All machine learning pipelines must consider how to ingest data and labels.
Data refers to the information the model is expected to use to make inferences and predictions.
Labels correspond to the “correct answer” for each data sample, used to compute losses and train the model.
The interface of the MNIST data parser is shows below as an implemented Node class.

class MNIST : public Node
{
public:
    constexpr static size_t DIM = 28 * 28;
    
    // The constructor receives an input filestream corresponding to the
    // data samples and labels
    MNIST(Model& model, std::ifstream& images, std::ifstream& labels);
    
    // This is an input node and has no parameters to initialize
    void init(rne_t&) override {}
    
    // Read the next sample and label and forward the data
    void forward(num_t* data = nullptr) override;

    // No optimization is done in this node so this is a no-op
    void reverse(num_t* gradients = nullptr) override {}
    
    void print() const override;

    // Consume the next sample and label from the file streams
    void read_next();
    
    // Accessor for the most recently read sample
    num_t const* data() const noexcept
    {
        return data_;
    }
    
    // Accessor for the most recently read label
    num_t* label() const noexcept
    {
        return label_;
    }
    
    // Quick ASCII visualization of the last digit read
    void print_last();
    
private:
    std::ifstream& images_;
    std::ifstream& labels_;
    uint32_t image_count_;

    char buf_[DIM];
    num_t data_[DIM];
    num_t label_[10];
};

In the constructor, we must verify that the files passed as arguments are valid
MNIST data and label files. Both files start with distinct “magic values” as a
quick sanity check. The sample file starts with 2051 encoded as a 4-byte big-endian
unsigned integer, whereas the label file starts with 2049. For the data file,
the magic number is followed by the image count and image dimensions. The
label file magic number is followed by the label count (expected to match the image count).

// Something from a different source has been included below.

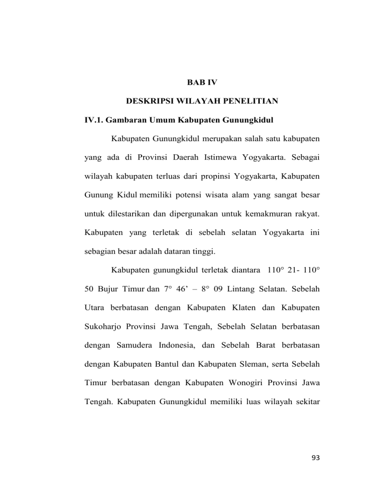 BAB IV DESKRIPSI WILAYAH PENELITIAN IV.1. Gambaran Umum Kabupaten Gunungkidul Kabupaten Gunungkidul merupakan salah satu kabupaten yang ada di Provinsi Daerah Istimewa Yogyakarta. Sebagai wilayah kabupaten terluas dari propinsi Yogyakarta, Kabupaten Gunung Kidul memiliki potensi wisata alam yang sangat besar untuk dilestarikan dan dipergunakan untuk kemakmuran rakyat. Kabupaten yang terletak di sebelah selatan Yogyakarta ini sebagian besar adalah dataran tinggi. Kabupaten gunungkidul terletak diantara 110° 21- 110° 50 Bujur Timur dan 7° 46’ – 8° 09 Lintang Selatan. Sebelah Utara berbatasan dengan Kabupaten Klaten dan Kabupaten Sukoharjo Provinsi Jawa Tengah, Sebelah Selatan berbatasan dengan Samudera Indonesia, dan Sebelah Barat berbatasan dengan Kabupaten Bantul dan Kabupaten Sleman, serta Sebelah Timur berbatasan dengan Kabupaten Wonogiri Provinsi Jawa Tengah. Kabupaten Gunungkidul memiliki luas wilayah sekitar 93 1.485,36 Km atau ± 46,63% dan keseluruhan luas wilayah Yogyakarta. Berikut kami sajikan peta kabupaten Gunungkidul : Gambar 1. Peta Kabupaten Gunungkidul Sumber : ( Map data @2017 google (Akses 4 januari 2017 ) Kabupaten Gunungkidul merupakan dataran tinggi dan bergunung-gunung, dengan topografi keadaan tanahnya secara garis besar dibagi menjadi 3 (tiga) wilayah pengembangan (Zona), yaitu: 1. Zona Utara(Zona Batur Agung) Dengan ketinggian 200 - 700 m di atas permukaan laut. Wilayah ini berpotensi untuk obyek wisata alam 94 perbukitan dan wisata geologi, meliputi Kecamatan Patuk, Nglipar, Ngawen, Semin, Gedangsari Bagian Utara dan Ponjong bagian utara. 2. Zona Tengah (Zona Ledok Wonosari) Dengan ketinggian 150 - 200 m di atas permukaan laut. Wilayah ini berpotensi untuk wisata alam perbukitan, wisata geologi dan ekowisata hutan, meliputi Kecamatan Playen, Wonosari, Karangmojo, Semanu Bagian Utara dan Ponjong Bagian Tengah. 3. Zona Selatan(Zona Pegunungan Seribu) Dengan ketinggian 100 - 300 m di atas permukaan laut. Wilayah ini berpotensi untuk wisata pantai, wisata bahari, wisata geologi dan ekowisata kars, meliputi Kecamatan Tepus, Tanjungsari, Panggang, Purwosari, Paliyan, Saptosari, Girisubo, Rongkop, Semanu Bagian Selatan dan Ponjong Bagian Selatan. Secara administratif Kabupaten Gunungkidul terdiri dan 18 kecamatan dan 144 desa, terletak di ujung tenggara kota 95 Yogyakarta dengan jarak tempuh dan Yogyakarta ke Wonosari (Ibu Kota Kabupaten Gunungkidul) ± 40 Km. Daerah ini memiliki potensi obyek dan daya tarik wisata yang cukup beragam terutama obyek wisata alam yang masih segar dan alami.Berikut peta daerah wisata di kabupaten Gunungkidul : Gambar 2. Peta Daerah Wisata Kabupaten Gunungkidul Sumber : Dinas kebudayaan dan pariwisata Kabupaten Gunungkidul (Peta wisata Kabupaten Gunungkidul.) 96 Perencanaan dan pelaksanaan pembangunan kepariwisataan di Kabupaten Gunungkidul dilakukan secara terpadu antar berbagai komponen yang menentukan dan menunjang keberhasilannya. Seperti pengembangan Obyek dan Daya Tarik Wisata, akomodasi, transportasi, telekomunikasi, air bersih dan cinderamata serta meningkatkan kuantitas dan kualitas sumberdaya manusia yang merupakan pelaku utama dalam pembangunan kepariwisataan. Melihat Gunungkidul adalah memandang gerak dinamis warga masyarakat yang siap untuk menghadapi tantangan keterbatasan potensi lahan dan kondisi geografis yang kurang mendukung. Namun dibalik itu, Gunungkidul menyimpan sejuta pesona keindahan alam yang sangat menarik untuk dinikmati. Indahnya debur ombak pantai laut selatan, semilirnya hembusan angin pegu sejuknya kawasan hutan wisata dan magisnya tempat tempat peninggalan sejarah, dengan tangan terbuka siap menyambut kunjungan para wisatawan. 97 IV.2. Gambaran Umum Desa Bejiharjo IV.2.1. Sejarah Desa Bejiharjo Desa Bejiharjo merupakan salah satu desa di Kecamatan Karangmojo Kabupaten Gunungkidul mempunyai riwayat atau sejarah keberadaannya. Pada masa Sebelum Kemerdekaan Republik Indonesia pada tanggal 17 Agustus 1945, bangsa Indonesia khususnya di wilayah Yogyakarta telah memiliki bentuk pemerintahan yang dilakukan oleh Kasultanan Ngayogyakarta Hadiningrat. Bentuk pemerintahan di tingkat desa disebut Kelurahan. Kelurahan dipimpin oleh seorang Lurah, yang dipilih oleh rakyat dengan sistem perwakilan per kepala keluarga. Setelah proklamasi kemerdekaan 17 Agustus 1945 beberapa kelurahan di antaranya, Kalurahan Kulwo, Kalurahan Banyubening dan Kalurahan Grogol mulai berpikir dan berupaya membentukan daerah Otonom. Kelurahan-kelurahan yang dirasakan belum mampu mengatur daerahnya sendiri kemudian menggabungkan diri, sehingga pada Tahun 1948 mulai ada rintisan pembentukan Kalurahan baru. Untuk itu dibentuklah sebuah Panitia Pembentukan Kelurahan baru gabungan dari 98 ketiga kelurahan tersebut di atas. Anggota Panitia diambil dari Lurah dan Carik dari ketiga Kalurahan tersebut ditambah beberapa orang pemuda. Dari hasil musyawarah tersebut diambil suatu kesepakatan yaitu menjadikan Kalurahan baru yang merupakan gabungan dari Kelurahan Kulwo, Banyubening dan Grogol yang diberi Nama Kelurahan “Bedjihardjo.” ( ejakan lama) “ Bejiharjo.”(ejakan baru). Kata Bedjiharjo secara etimologis berasal dari kata Bedji yang berati sumber air, dan hardjo dari kata kerta raharjo yang berarti subur makmur loh jinawi. Dengan mengambil nama Bejiharjo diharapkan kelurahan baru ini nantinya merupakan desa yang mampu menjadi sumber kesejahteraan dan kemakmuran rakyat. IV.2.2. Demografi Desa Bejiharjo Secara geografis desa Bejiharjo berbatasan dengan beberapa wilayah lainnya yang ada di kabupaten Gunungkidul yaitu wilayah bagian selatan berbatasan dengan desa Bendungan dan desa Wiladeg, wilayah bagian barat berbatasan dengan Kecamatan Wonosari dan di wilayah utara berbatasan dengan 99 Kecamatan Nglipar, sedangkan untuk wilayah timur desa Bejiharjo berbatasan dengan desa Ngawis dan Wiladeg. Sedangkan luas wilayah desa Bejiharjo yaitu 1.825.4825 Ha, yang terdiri dari area persawahan seluas 49,5145 Ha, tanah pekarangan seluas 759,0425 Ha, tan

To consume big-endian unsigned integers from the file stream, we’ll use a simple routine:

void read_be(std::ifstream& in, uint32_t* out)
{
    char* buf = reinterpret_cast<char*>(out);
    in.read(buf, 4);

    std::swap(buf[0], buf[3]);
    std::swap(buf[1], buf[2]);
}

If you happen to be using a big-endian processor, you will not need to perform the
byte swaps, but most desktop and mobile architectures are little-endian.

The implementation that parses the magic numbers and various other descriptors is
produced below:

MNIST::MNIST(Model& model, std::ifstream& images, std::ifstream& labels)
    : Node{model, "MNIST input"}
    , images_{images}
    , labels_{labels}
{
    // Confirm that passed input file streams are well-formed MNIST data sets
    uint32_t image_magic;
    read_be(images, &image_magic);
    if (image_magic != 2051)
    {
        throw std::runtime_error{"Images file appears to be malformed"};
    }
    read_be(images, &image_count_);

    uint32_t labels_magic;
    read_be(labels, &labels_magic);
    if (labels_magic != 2049)
    {
        throw std::runtime_error{"Labels file appears to be malformed"};
    }

    uint32_t label_count;
    read_be(labels, &label_count);
    if (label_count != image_count_)
    {
        throw std::runtime_error(
            "Label count did not match the number of images supplied");
    }

    uint32_t rows;
    uint32_t columns;
    read_be(images, &rows);
    read_be(images, &columns);
    if (rows != 28 || columns != 28)
    {
        throw std::runtime_error{
            "Expected 28x28 images, non-MNIST data supplied"};
    }

    printf("Loaded images file with %d entriesn", image_count_);
}

Next, let’s implement the MNIST::read_next, which will consume the next
sample and label from the file streams:

void MNIST::read_next()
{
    images_.read(buf_, DIM);
    num_t inv = num_t{1.0} / num_t{255.0};
    for (size_t i = 0; i != DIM; ++i)
    {
        data_[i] = static_cast<uint8_t>(buf_[i]) * inv;
    }

    char label;
    labels_.read(&label, 1);

    for (size_t i = 0; i != 10; ++i)
    {
        label_[i] = num_t{0.0};
    }
    label_[static_cast<uint8_t>(label)] = num_t{1.0};
}

For the labels, note that the label is encoded as a single unsigned digit,
but we convert it to a 1-hot encoding for loss computation purposes later.
If your application can assume that the labels will be one-hot encoded,
this conversion may not be necessary and a more efficient implementation is possible.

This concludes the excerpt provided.